2. Provide Written Notice: Perhaps the most controversial component of ACA is the requirement that most Americans purchase health insurance that conforms to the standard of “minimum essential coverage.” This is known as the “individual mandate.” To give the individual mandate teeth, ACA will impose a tax on those who are required to purchase health insurance but do not do so by Jan. 1, 2014.

In anticipation of this deadline, ACA requires that, effective Oct. 1, 2013, all employers, from large to small, must provide written notice to all their employees regarding the existence of an exchange (a centralized marketplace) that will offer choices of affordable, high-quality health insurance plans. This notice must also include the services provided by such an exchange and the manner in which the employee may contact the exchange. Employees may choose to forego the health insurance plan offered by their employer and, instead, purchase insurance on the exchange.

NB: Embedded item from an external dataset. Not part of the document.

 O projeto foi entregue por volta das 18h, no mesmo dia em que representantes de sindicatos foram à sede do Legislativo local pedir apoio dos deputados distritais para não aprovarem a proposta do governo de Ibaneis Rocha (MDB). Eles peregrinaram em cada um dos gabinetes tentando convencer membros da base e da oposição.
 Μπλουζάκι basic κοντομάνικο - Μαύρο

3. Large Employers: Provide Minimum Essential Coverage to Full-Time Employees: One of the most talked-about changes brought on by ACA is the requirement that a large employer must offer minimum essential coverage to all of its full-time employees lest the employer pay a penalty.

This is known as the “shared responsibility” provision.  Initially, the ACA required that employers start offering this coverage starting Jan. 1, 2014. However, on July 2, 2013, the U.S. Department of the Treasury announced that this deadline would be pushed back one year to Jan. 1, 2015.

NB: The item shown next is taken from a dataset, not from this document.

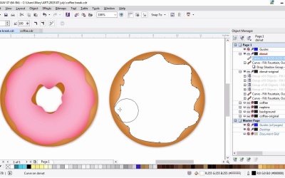 Welcome back to advanced techniques in curl draw. I'm Mary Winkler for tuts+. In this lesson we'll draw some delicious drippy frosting playing the various drawing and manipulation tools. Let's continue where we left off in the previous lesson creating a delicious donut. I'm going to unhide my original drippy frosting in the object manager so you have a good idea of what we're creating. Over in the Toolbox, we're going to use the Freehand tool for this one. Even if you're using a mouse to draw, we could adjust the settings so it's more forgiving and renders smooth lines compared to jagged ones. Double-click the Freehand tool, and you'll come up with the Toolbox Options. In the menu, select Freehand Bezier Tool to adjust the settings. I've set my corner threshold to five pixels, straight-line threshold to five pixels, and auto join to one pixel. You may want to lower the threshold of some of these setting if you're using a mouse versus a graphic tablet, but that will definitely be your choice. Using the freehand tool start to draw a wriggly scalp shape around the inside of the donut. How drippy or scalped it is is entirely up to you. You can use the shape I created in the left as a guide. Watch and follow along with the donut on the right or create your own unique shape. Once done, use the zoom tool to zoom in and make sure those beginning and ending nodes have joined. If they haven't you can easily do so with the pen tool. Select the origin known and the ending node with it and you'll find that your curve is no longer open. In the case of my shape the nodes need some adjustment. Select the node you don't want with the shape tool and hit delete node in the property bar. Now, my wiggly, curvy shape is mostly circle like versus cutting inward toward the middle, which is something that I want. This isn't quite the shape I wanted for my frosting object, it's not nearly drippy enough and some portions are just a bit too angular. We're going to manipulate the curve's path. Grab the smooth tool found in the shape tool fly out and drag it around the edge of your frosting. Now my smooth tool is set to one inch to the sides and 100 for the smoothing. Adjust this as you see fit. Wait what about drippier frosting. Grab the smear tool. Also, within the shape tool fly out and manipulate your frosting contour. Do it too much and it will be smeared wildly. Too little and there won't be much of a change. Interactive tools like this are all about creating organic objects. Get messy with vector. Set this mood tool to smooth smear and get some more bumps and rigid and scallops and contour, then switch back to the smooth tool to even out your frosting. Using these tools in conjunction with each other really helps create fantastically delicious donut frosting for our illustration. Whenever you're satisfied with your frosting shape's contour, you can move on to the next part of this lesson, which is to cut a hole in the frosting. Much like the donut, we'll use the shaping docker to accomplish this. For now, I'm setting the fill to none so I can better see the donut hole, and get an idea of what I want my cutout shape to be. Using the freehand tool, draw a smaller shape similar to your current frosting object. You want to show some of the donut beneath as well to make it look like the frosting is dropping into the center of the donut. Zoom in, and make sure you like the way your curve joined together. Using the shape tool, delete, add or reposition nodes in your handles so smoothing or smearing the curve will be easier. Use the smooth tool and the smear tool to manipulate the object to get it just the way you want it. I'm going to set my fill color back to something solid, so when I hit either simplify or back my instrument, this change will be easily seen. Select both objects and apply your shaping effect in the shaping docker. I hit simplify and then deleted the unnecessary object. From here you can decide whether or not you like your frosting shape enough to move on to rendering it or refining it further. I want to add some bits onto my frosting shape. Using the free hand tool, I'll draw these additional shapes as complete objects over my current frosting. Make sure all additional shapes have closed curves, and position them so they're overlapping the portions of the frosting you want to weld them to. If you hit Weld without making sure the newly drawn shape is closed you'll only end up with the portion of the shape connected in the way you wanted. Always make sure your curves are closed and nodes are joined when you want them to be complete shapes. Alternatively you can also play again with the smear and smoothing tools, how to create organic shapes is up to you. I like to work quickly and freely with tools that let me create unpredictable curves as though I was really frosting a donut, or letting icing melt and move over an organic surface. When you're satisfied with your icing design, you can move on to the next lesson. Thank you so much for joining me in this lesson on drawing unpredictable organic shapes. In our next lesson we'll work on rendering the frosting and explore some quick techniques for working with and choosing color.

In addition to the employee, employers must offer (but are not required to contribute to the cost of) health insurance to all children of employees up to age 26. There are no longer any additional requirements in order for the child to be offered this insurance; the child does not need to be a full-time student, nor is there a residency or financial dependency requirement. Merely being 26 years of age will do.

Spouses of the employees, however, need not be offered coverage. Although there are several components to “minimum essential coverage,” perhaps the most crucial is that the coverage must be “affordable,” meaning that the cost of the insurance to the employee must not exceed 9.5 percent of the employee’s household income.

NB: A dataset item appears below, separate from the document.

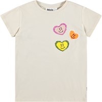 Råhvid kortærmet t-shirt i økologisk bomuld med rund hals. T-shirten har en almindelig pasform med pailletbroderi af smilende hjerter på brystet.

4. Small Employers: Determine Tax Credit Eligibility: Under  ACA, small employers are not required to offer health insurance to their employees.  ACA does, however, incentivize certain small employers (those with fewer than 25 employees) to offer insurance to their employees through the creation of a tax credit. To qualify, a small employer must have fewer than 25 full-time employees.  If these small employers contribute at least 50 percent to employee-only coverage and pay their full-time employees, on average, less than $50,000 per year, they may be eligible for a maximum tax credit of 35 percent (for for-profit businesses) and 25 percent (for not-for-profit businesses).  That credit will increase to a maximum of 50 percent and 35 percent for for-profits and not-for-profits, respectively, starting Jan. 1, 2014.

In closing, gaining a full understanding of ACA does not happen overnight.  It has proved frustrating for even the most experienced of attorneys, tax professionals, and employers.  With this basic knowledge, however, employers can begin to understand and explore some of the responsibilities and benefits of this new law.



Barbara Fritsche is an attorney from  Jacksonville.